Quarante-six clubs, un seul grand rendez-vous

L’attente tire à sa fin : le tirage de la phase de ligue de la Ligue des champions aura lieu jeudi, et les 36 clubs concernés découvriront enfin l’ordre de leurs huit matchs. Cette nouvelle formule a transformé la soirée du tirage en véritable moment charnière, parce que chaque équipe repart désormais avec un parcours distinct et une route beaucoup moins prévisible vers les rondes éliminatoires.

Le Paris Saint-Germain arrivera à cette étape avec le statut de champion en titre, après son triomphe contre Arsenal à Budapest au printemps dernier. Dans un contexte pareil, chaque adversaire potentiel voudra tester le tenant du titre rapidement et rappeler que, dans cette compétition, rien n’est jamais acquis.

Le moment à retenir

Le tirage est prévu le jeudi 27 août, à compter de 17 h, heure de Londres. Pour les partisans, les entraîneurs et les joueurs, c’est bien plus qu’une formalité administrative : c’est le point de départ concret de la saison européenne, celui qui donne un premier aperçu des chemins possibles, des duels prestigieux et des pièges à éviter.

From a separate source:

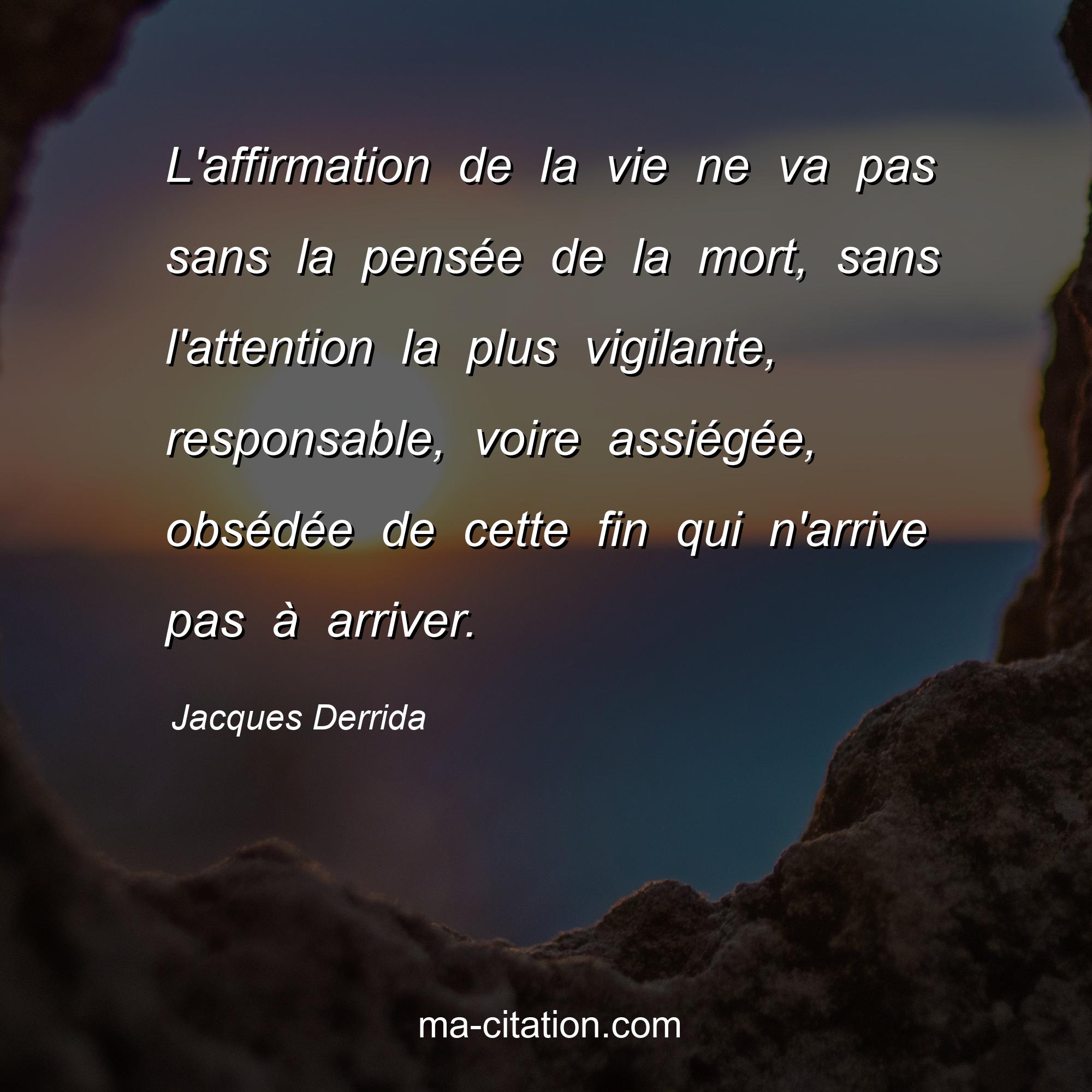 Citation sur la vie de Jacques Derrida :L'affirmation de la vie ne va pas sans la pensée de la mort, sans l'attention la plus vigilante, responsable, voire assiégée, obsédée de cette fin qui n'arrive pas à arriver.

Depuis l’abandon de l’ancien format de groupes, la Ligue des champions a adopté une phase de ligue à 36 clubs qui fonctionne sur une base beaucoup plus large. Au lieu d’un petit groupe de quatre équipes, chaque formation se voit attribuer huit adversaires différents, ce qui rend le calendrier plus riche, mais aussi plus difficile à anticiper.

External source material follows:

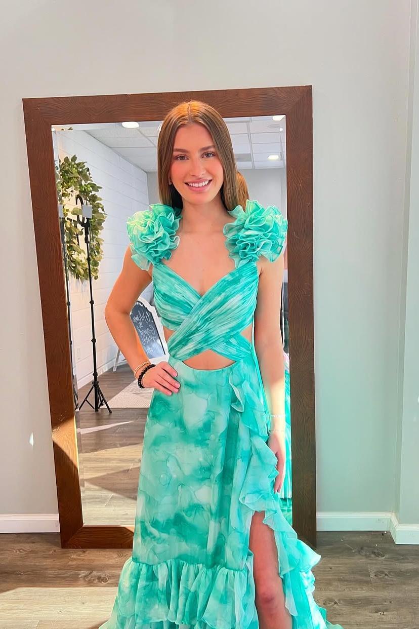 Sexy Pink Floral Cutouts A-line Ruffle Long Dress

Un tirage qui distribue huit adversaires

Le principe est simple à comprendre, même si ses conséquences sont énormes. Chaque club sera opposé à deux équipes provenant de chacun des quatre chapeaux, ce qui construit un programme unique pour tous. Le tirage se déroule de façon progressive, en commençant par le Pot 1, puis en poursuivant avec les autres chapeaux jusqu’à ce que chaque participant connaisse ses huit rivaux.

La seule contrainte majeure vise à préserver un certain équilibre compétitif : deux clubs d’un même pays ne peuvent pas s’affronter à cette étape. Pour le reste, le hasard peut créer des calendriers très favorables ou, au contraire, particulièrement exigeants. C’est précisément ce mélange d’incertitude et de prestige qui rend ce rendez-vous si captivant.

Les têtes d’affiche et les surprises possibles

Le Pot 1 réunit plusieurs géants du football européen, dont le Paris Saint-Germain, le Bayern Munich, le Real Madrid, Liverpool, l’Inter Milan, Manchester City, Arsenal, Barcelone et l’Atlético Madrid. Dès cette première catégorie, on comprend que le niveau sera relevé, peu importe la combinaison finale.

Le Pot 2 ajoute encore de la densité avec le Borussia Dortmund, l’AS Roma, le Sporting, Aston Villa, le FC Porto, Manchester United, le Club Bruges, le Real Betis et le PSV Eindhoven. Ce second groupe peut produire des affiches très relevées, surtout si un favori du Pot 1 se retrouve avec un adversaire déjà bien installé sur la scène continentale.

Plus bas dans la répartition, le Pot 3 comprend notamment Feyenoord, Lille, Bodø/Glimt, Naples, le RB Leipzig, Villarreal, le Chakhtar Donetsk et Galatasaray, en plus du gagnant du duel entre Fenerbahçe et Lyon. Enfin, le Pot 4 complète le tableau avec le vainqueur de Dinamo Zagreb contre Viking, celui de Slovan Bratislava contre Celje, Slavia Prague, le VfB Stuttgart, LASK, le gagnant de Levski Sofia contre l’AEK Athènes, Como, Lens et Sabah.

Autrement dit, le tirage ne décidera pas seulement d’une série de matchs; il dessinera aussi le niveau de difficulté de toute la campagne européenne de chaque équipe. Jeudi, certains clubs sortiront avec le sourire, tandis que d’autres auront déjà l’impression d’entrer dans une bataille longue et ardue.